# My RAG project

## pip install

In [1]:
#%pip install langchain
#%pip install huggingface_hub
#%pip install sentence_transformers
#%pip install sentence-transformers
#%pip install faiss-cpu
#%pip install unstructured
#%pip install chromadb
#%pip install Cython
#%pip install tiktoken
#%pip install unstructured[local-inference]

## Alice in wonderland


In this first part, we will test our code with a .txt document : "alice_in_wonderland.txt"

In [None]:
import os
#HUGGINFACE_API_TOKEN

In [3]:
import requests
url = "https://gist.githubusercontent.com/phillipj/4944029/raw/75ba2243dd5ec2875f629bf5d79f6c1e4b5a8b46/alice_in_wonderland.txt"
res = requests.get(url)
with open("alice_in_wonderland.txt", "w") as f:
  f.write(res.text)

## Document Loader

In [4]:
# Document Loader
from langchain.document_loaders import TextLoader
loader = TextLoader('./alice_in_wonderland.txt')
documents = loader.load()

In [5]:
import textwrap

def wrap_text_preserve_newlines(text, width=110):
    # Split the input text into lines based on newline characters
    lines = text.split('\n')

    # Wrap each line individually
    wrapped_lines = [textwrap.fill(line, width=width) for line in lines]

    # Join the wrapped lines back together using newline characters
    wrapped_text = '\n'.join(wrapped_lines)

    return wrapped_text

print(wrap_text_preserve_newlines(str(documents[0])))
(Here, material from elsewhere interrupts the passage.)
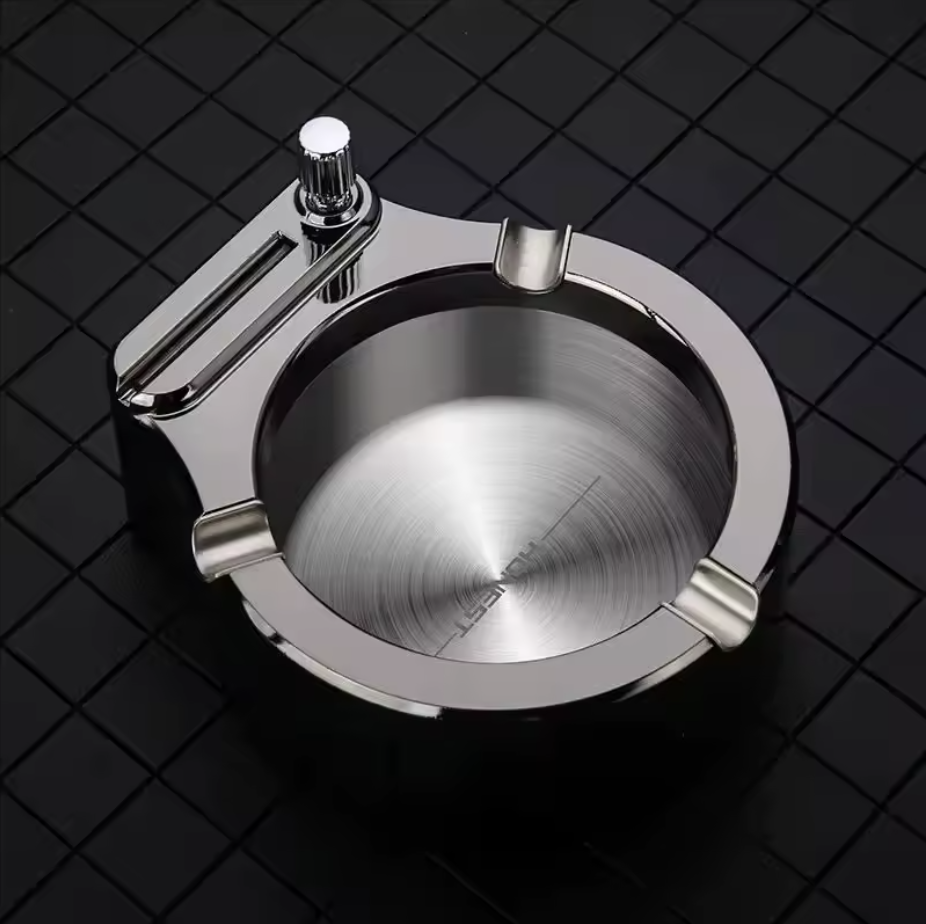 منفضة سجائر معدنية رمادية عتيقة، ولاعة كيروسين من فلينت، أداة لتزيين سطح المكتب والمنزل، منفضة سجائر متعددة الاستخدامات

page_content='Alice\'s Adventures in Wonderland\n\n                ALICE\'S ADVENTURES IN WONDERLAND\n\n
Lewis Carroll\n\n               THE MILLENNIUM FULCRUM EDITION 3.0\n\n\n\n\n
CHAPTER I\n\n                      Down the Rabbit-Hole\n\n\n  Alice was beginning to get very tired of
sitting by her sister\non the bank, and of having nothing to do:  once or twice she had\npeeped into the book
her sister was reading, but it had no\npictures or conversations in it, `and what is the use of a
book,\'\nthought Alice `without pictures or conversation?\'\n\n  So she was considering in her own mind (as
well as she could,\nfor the hot day made her feel very sleepy and stupid), whether\nthe pleasure of making a
daisy-chain would be worth the trouble\nof getting up and picking the daisies, when suddenly a White\nRabbit
with pink eyes ran close by her.\n\n  There was nothing so VERY remarkable in that; nor did Alice\nthink it so
VERY much out of the way to hear the Rabbit say to\nitself, `Oh dear!

## Text splitter

In [6]:
# Text Splitter
from langchain.text_splitter import CharacterTextSplitter
text_splitter = CharacterTextSplitter(chunk_size=1300,chunk_overlap=0)
docs = text_splitter.split_documents(documents)

## Embeddings

In [7]:
# Embeddings
from langchain.embeddings import HuggingFaceEmbeddings

embeddings = HuggingFaceEmbeddings()

  from .autonotebook import tqdm as notebook_tqdm


## Vectorstore

In [8]:
# Vectorstore: https://python.langchain.com/en/latest/modules/indexes/vectorstores.html
from langchain.vectorstores import FAISS

db = FAISS.from_documents(docs, embeddings)

## QA chain and LLM

In [44]:
from langchain.chains.question_answering import load_qa_chain
from langchain import HuggingFaceHub

llm1=HuggingFaceHub(repo_id="google/flan-t5-large", model_kwargs={"temperature":0, "max_length":512})
llm2=HuggingFaceHub(repo_id="mistralai/Mistral-7B-Instruct-v0.1", model_kwargs={"temperature":0.7, "max_length":512})
llm3=HuggingFaceHub(repo_id="google/gemma-7b-it", model_kwargs={"temperature":0.7, "max_length":512})

In [45]:
#google/flan-t5-large
chain1 = load_qa_chain(llm1, chain_type="stuff")
#mistralai/Mistral-7B-Instruct-v0.1
chain2 = load_qa_chain(llm2, chain_type="stuff")
#google/gemma-7b-it
chain3 = load_qa_chain(llm3, chain_type="stuff")

In [42]:
query = "What animal does Alice encounter right at the beginning of her adventure in Wonderland?"
docs = db.similarity_search(query)
print("google/flan-t5-large")
chain1.run(input_documents=docs, question=query)


google/flan-t5-small


'White Rabbit'

In [52]:
print("mistralai/Mistral-7B-Instruct-v0.1")
chain2.run(input_documents=docs, question=query).split("Helpful Answer: ")[1].split("\n\n")[0]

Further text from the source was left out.